▶ _Work request_:
Beginning with the line that contains "圖為于婷(右三)給2025級新生講解員做示范說明", restate each line below through the final one exactly, and exclude the pictures.

*** Opening of Provided data ***

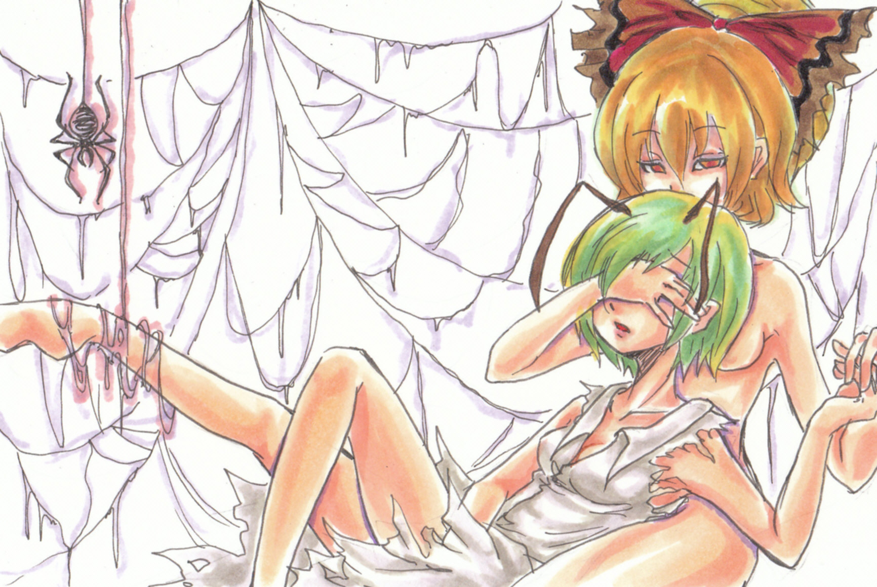 2girlsantennaebarefootblonde hairbowbreastscleavagefemale focusgreen hairhair bowmultiple girlsnudeopen mouthred eyessilkspider webtorn clothesyuri
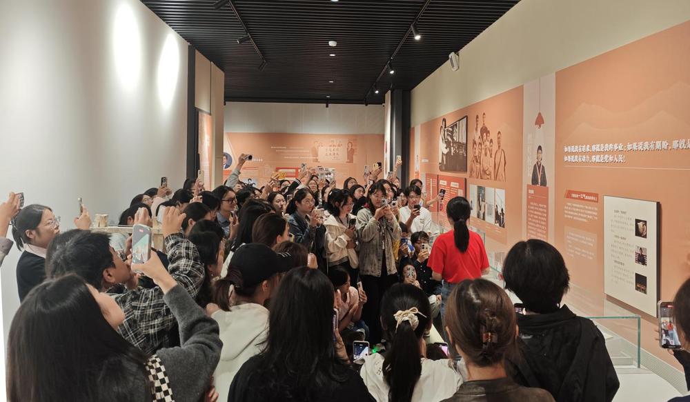 圖為于婷(右三)給2025級新生講解員做示范說明
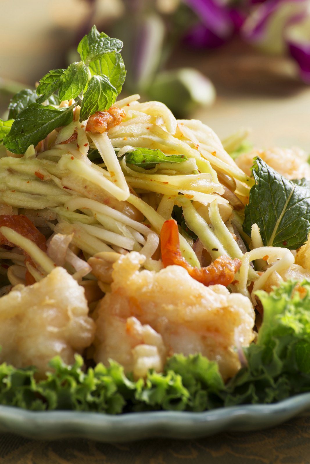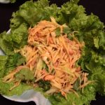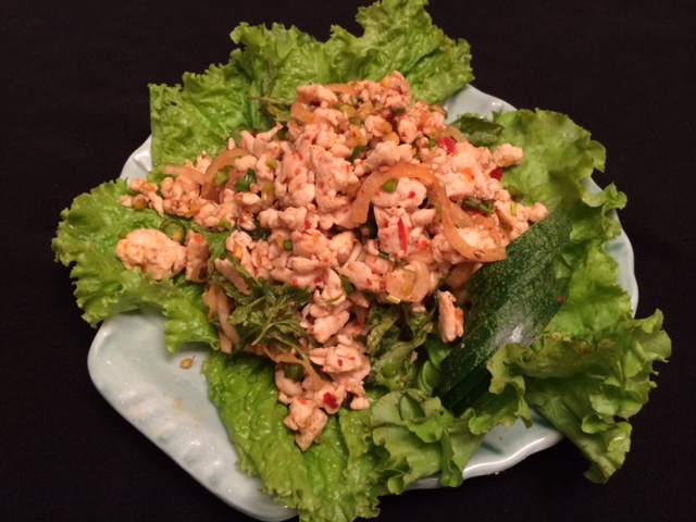 The first dish which Chef Veena Arora taught was the Yum Mamuang –Spicy and Tangy Raw Mango Salad, showing how to julienne raw mango without the help of any fancy peelers and just with a simple knife. In winters raw mango can be substituted with carrot or cucumber. She showed how a Thai salad is always eaten rolled up in a lettuce leaf so that one does not feel the spices.

*** Close of Provided data ***

▶ _Result_:
 圖為于婷(右三)給2025級新生講解員做示范說明
 The first dish which Chef Veena Arora taught was the Yum Mamuang –Spicy and Tangy Raw Mango Salad, showing how to julienne raw mango without the help of any fancy peelers and just with a simple knife. In winters raw mango can be substituted with carrot or cucumber. She showed how a Thai salad is always eaten rolled up in a lettuce leaf so that one does not feel the spices.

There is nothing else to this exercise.